La commission politique considère que les critères actuels de définition des partis politiques européens sont excessivement restrictifs. Preuve en est que seulement 10 partis européens sont reconnus comme tels, alors que les Etats membres reconnaissent, à leur niveau, plusieurs centaines de partis politiques, y compris les mouvements de simples citoyens.

Tout mouvement politique pan-européen devrait pouvoir être reconnu comme parti européen

Pour cette raison, la commission politique s’oppose à la proposition du rapport Giannakou de durcir davantage les critères de reconnaissance des partis politiques européens, en faisant de leur présence au Parlement européen un critère de définition.
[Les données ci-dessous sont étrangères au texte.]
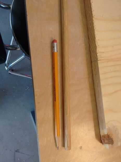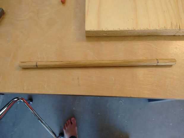 Su aguja básicamente debe ser forma de un lápiz. Elegí un pasador de roble de diámetro 0,5 pulgadas para mina. Cortar la espiga en 9 pulgadas. Usted puede ir más grande o más pequeño, cualquiera que sea su preferencia. En cada extremo de la espiga, medir 0.5 pulgadas desde el extremo. Haga una marca.

Pour la commission politique, indépendamment de l’attribution ou non d’un financement européen, l’UE devrait reconnaître tout mouvement politique pan-européen implanté dans un nombre suffisant d’Etats membres, par exemple dans un quart des Etats. C’est une condition indispensable pour que la compétition électorale européenne demeure une compétition ouverte et démocratique.

Des compensations pour les petits partis européens impliqués dans la campagne

Concernant la répartition des financements européens entre partis, la commission politique accepte une concentration plus poussée des fonds sur les partis européens représentés au Parlement, à condition que des compensations financières limitées soient prévues pour les petits partis. Ces compensations devraient couvrir les frais de campagnes de base des petits partis européens qui ont fait l’effort de s’impliquer dans les élections européennes.

Par ailleurs, la commission rejette la proposition de ne plus prendre en compte, dans les critères de financement, les élus régionaux des partis européens qui ne siègeraient pas dans une assemblée régionale disposant de pouvoirs législatifs. Si une distinction entre assemblées régionales législatives et non-législatives a un sens, en faire un critère de financement favoriserait les partis mieux implantés dans les Etats membres fédéraux, au détriment des Etats membres unitaires.